The militants’ campaign has widespread local support. One of the most popular new songs in the Delta describes a police raid on a house. A young man tells the police that he won’t go with them to the station and warns: “If you fire [shoot at] me, I fire you.” “There is overwhelming community sympathy for what they are doing,” says Ledum Mitee, a human-rights campaigner in Port Harcourt, who describes the Delta’s problems as “a crisis of frustration,” which he hopes can be solved without violence. “[The militants] are seen as people who can stand up to the oppressors.”

Mitee heads the Movement for the Survival of the Ogoni People (mosop), the group founded by Saro-Wiwa. In January, he was asked to negotiate the release of the first hostages taken by mend. When Mitee arrived at the camp where the hostages were being held, he was shocked. “I consider myself a person who can speak on these issues — our problems and protests,” he says. “But getting there and seeing 200 to 300 young men in uniforms, machines guns, rocket launchers and ammunition” — Mitee moves his hands through the air in front of him making the shape of a heaping mound of ordnance — “I said, ‘God, so we have come to this.'”

Related Time Magazine Article

Nigeria: Big Oil’s Burden  
BY VIVIENNE WALT

Monday, Jan. 23, 2006

In the global scramble for energy, Nigeria is blessed. Its resources earn billions of dollars each year, and it bobs atop enough oil and gas reserves to ensure wealth for generations. Yet try telling that to impoverished villagers in the country’s Niger Delta region, where Royal Dutch Shell has drilled for nearly 50 years. “Look at this—the crops are stunted, the water is polluted,” rails Bari-Ara Kpalap, grabbing a wilted stalk of cassava as he stands ankle-deep in oily water. For Kpalap, a local activist, there is one obvious culprit: “A great part of our problems have been caused by Shell.”

Ten years have passed since Nigerian soldiers hanged activist Ken Saro-Wiwa and eight others after protests targeting Shell’s operations turned violent. Today, the company—which has long maintained that pollution from its oil operations in the Delta is due largely to sabotage—is still struggling to regain the locals’ trust. Shell has a new strategy. After seeing millions of dollars from its contributions to development funds vanish in the hands of corrupt officials, Shell last month signed a four-year contract with village leaders that puts $7.7 million at their direct disposal. There is no shortage of worthy causes.
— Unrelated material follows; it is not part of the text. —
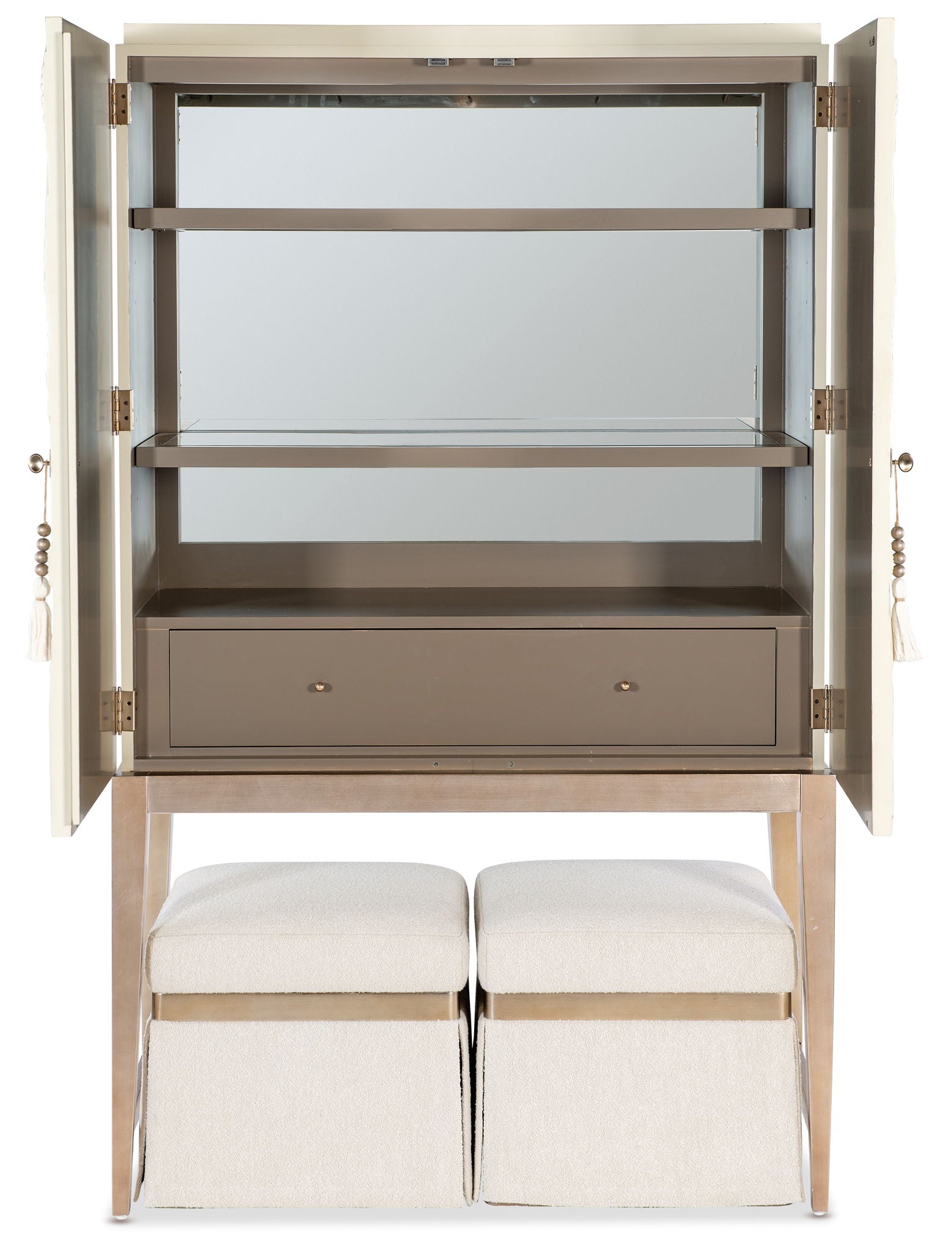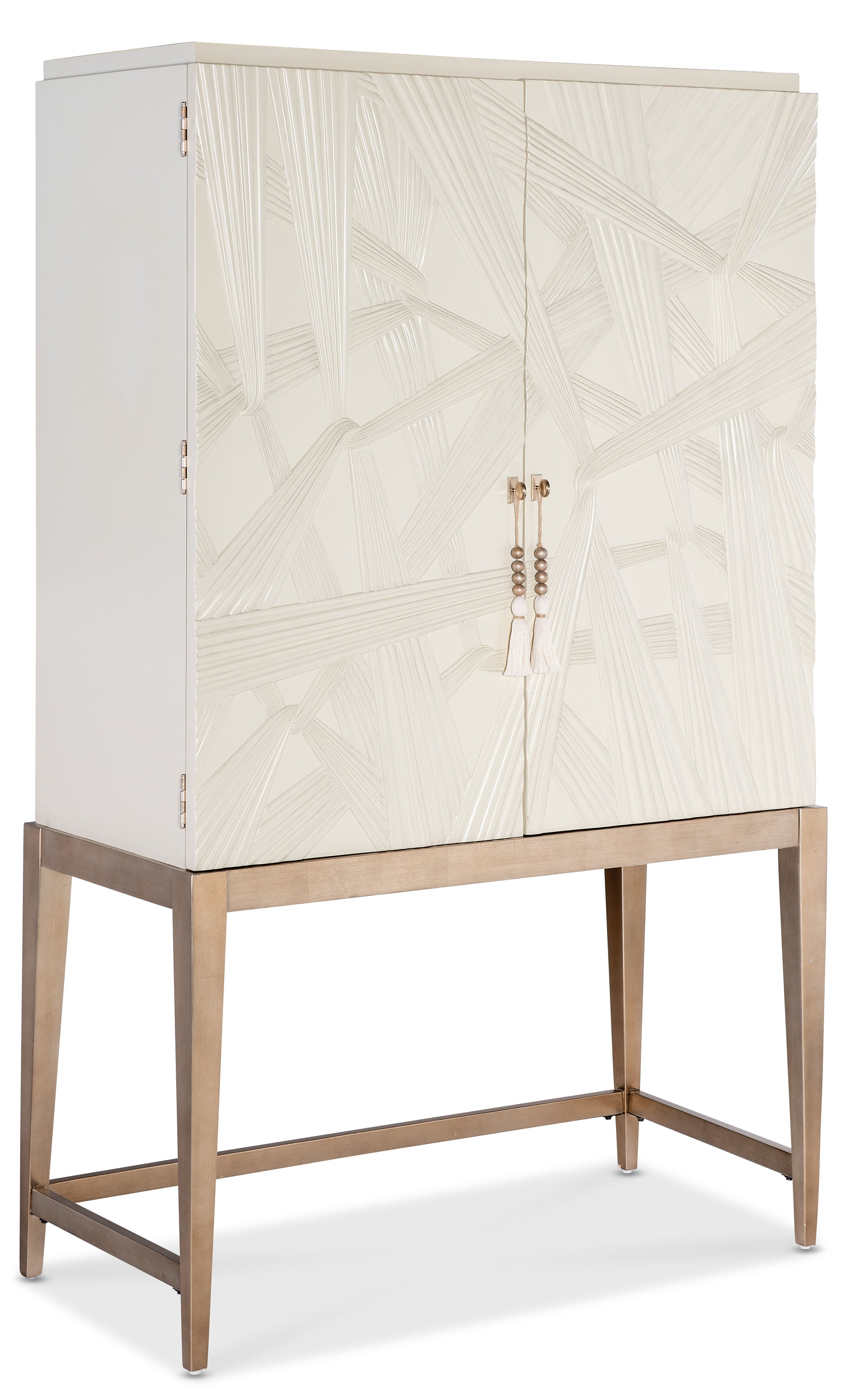 Transform your dining space with the elegant Dream Weaver Bar Cabinet from the Melange collection. Featuring a cream-colored finish with champagne accents, this modern masterpiece includes two textured doors with magnetic closures, a mirrored back panel, and LED lighting. Its two wood-framed glass shelves and a drawer provide functional storage, while tassel accents and tapered legs add a touch of sophistication. Perfectly designed to store bar essentials, this bar cabinet complements contemporary and transitional interiors, making it an ideal choice for entertaining.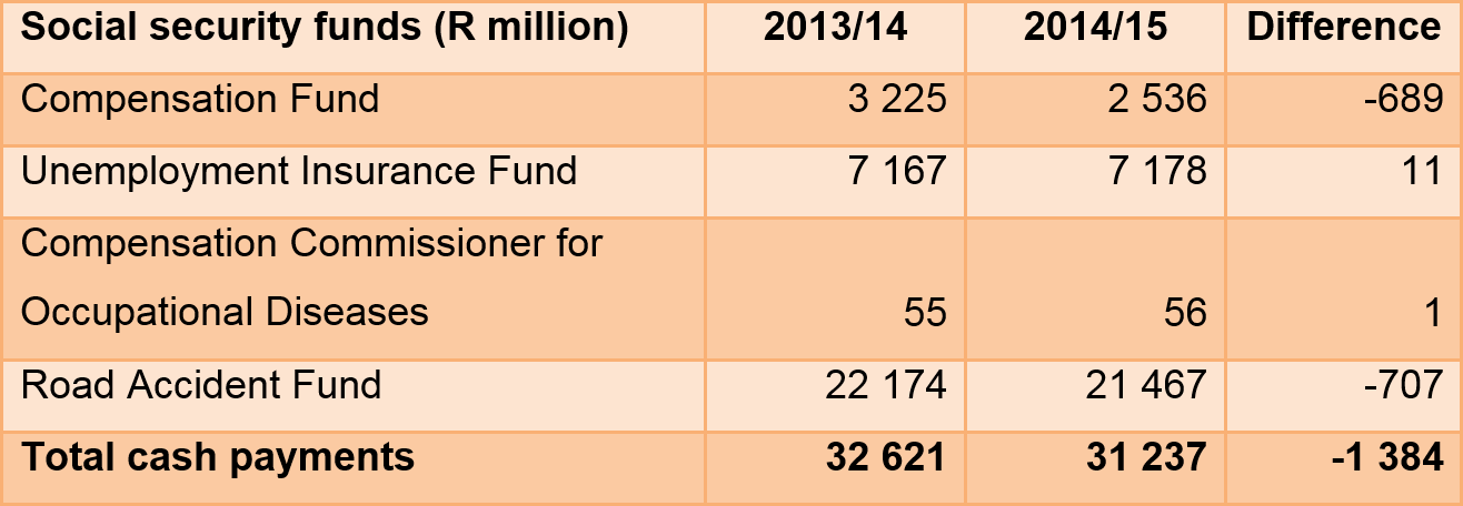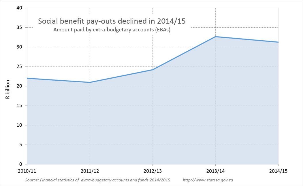 South Africa’s 232 extra-budgetary accounts (EBAs) paid out less money in the form of social benefits in the 2014/15 fiscal year. Social benefits are transfers in cash or in-kind to the public that diminishes exposure to social risks such as unemployment, sickness due to disabilities and injury.

The region is plagued by malaria and AIDS, and does not have enough schools or health clinics. “We have to do our part,” says Emanuel Etomi, who heads Shell’s sustainable-development unit in the Delta. Shareholders should be pleased, too: Etomi says winning friends is essential to safeguarding Shell’s pipelines and wellheads. Indeed, oil prices soared last week after the Delta’s rebels kidnapped four Shell workers and attacked three Shell facilities, shutting down more than 200,000 barrels a day of the Delta’s output.

Winning hearts and minds could take years, however. “We still do not trust Shell,” says Ledum Mitee, who runs the Movement for the Survival of the Ogoni People, which Saro-Wiwa founded before being hanged. Mitee claims his members aren’t responsible for the latest attacks. He says Shell must apologize for its practices of the past and begin direct talks with activists. Until then, “this is a situation which is really prone to violence,” he says. With global oil supplies still tight, that’s a warning that producers and consumers around the world would do well to heed.